Sicbay ‎– Overreaction Time

3 out of 5

Label: 54’40 or Fight!

Produced by: Dave Gardner (engineer, mastered by)

I mean, Dazzling Killmen aren’t my favorite band, but they’re not my unfavorite, and mid-90s landmarks Face of Collapse and the Recuerda compilation still pack an intense punch, and are instantly recognizable as influencing any amount of hardcore bands, even when DK doesn’t seem to be the name most often dropped in that list.  So, yes, I’m definitely interested to know what Dazzling Killmen vocalist Nic Sakes got up to later on, and Sicbay’s Overreaction Time’s first couple of tracks suggest that time has only strengthened his approach, turning up the post-rock and syncing it to appropriate levels of aggression for some uniquely rocking blasts of weirdly poppy shredding.
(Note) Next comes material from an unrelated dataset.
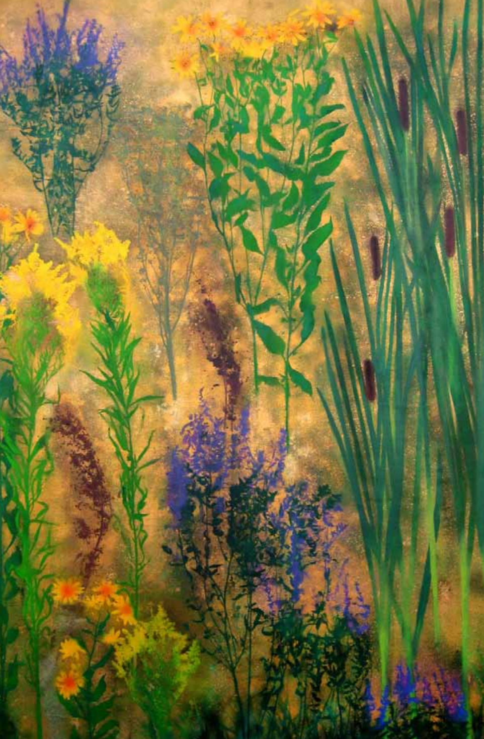
Andrew Owen A01 Don River Wildflowers & Humber River Wildflowers (2 of 9 works from Nine Rivers Romance series)

Ah, and there’s also just a dash of Americana strumming mixed in there, as well as some experimental production trickery, and attempts at intimacy.  Which isn’t mixed in very well.

Overraction Time, as mentioned, kicks off pretty perfectly with the all-hands-on Herculaneum, continuing into the equally impressive Tocsin.  Both tracks feature Sakes bleating out one line attacks over music that maintains a toe-tapping pace and shifts between hardcore-tinged moments and riffage that’s more rooted in a Silkworm-type appreciation of roots rock, ebbing and flowing freely and excitingly.  Dave Gardner’s recording is rather flat, all up front, but it works for this; it keeps it very present.  However, Summersaults introduces the group’s occasional forays into experimentation, and while it shapes up into something by the end of its minute twenty runtime, it’s long and abrupt enough to put a halt in the momentum, which is continued on by Smoke Stains, a lower-key affair.  The recording style does not support these types of tracks on the album, which continue to cycle through in a pattern of rockers / experimentation / non-rockers; Sakes’ lyrics aren’t pointed enough to be too grabbing, and there’s generally not a notable enough tune or emotion to make the songs stand against the album’s more impactful ones.  Taken on their own, these songs aren’t bad by any means, and often come into their own toward the end of their runtime, showing how the disc’s varying styles could all feasibly play together, but when they’re followed, sequentially, by outright awesomeness like The Buckle, the inbetween tracks fade from memory.

Overraction Time is smartly bookended by some stronger tracks which are able to exist with some better blended dynamics, and its absolutely littered with enough highpoints that it merits cycling back through it with frequency.  But the non-highpoints just don’t stand a chance in comparison.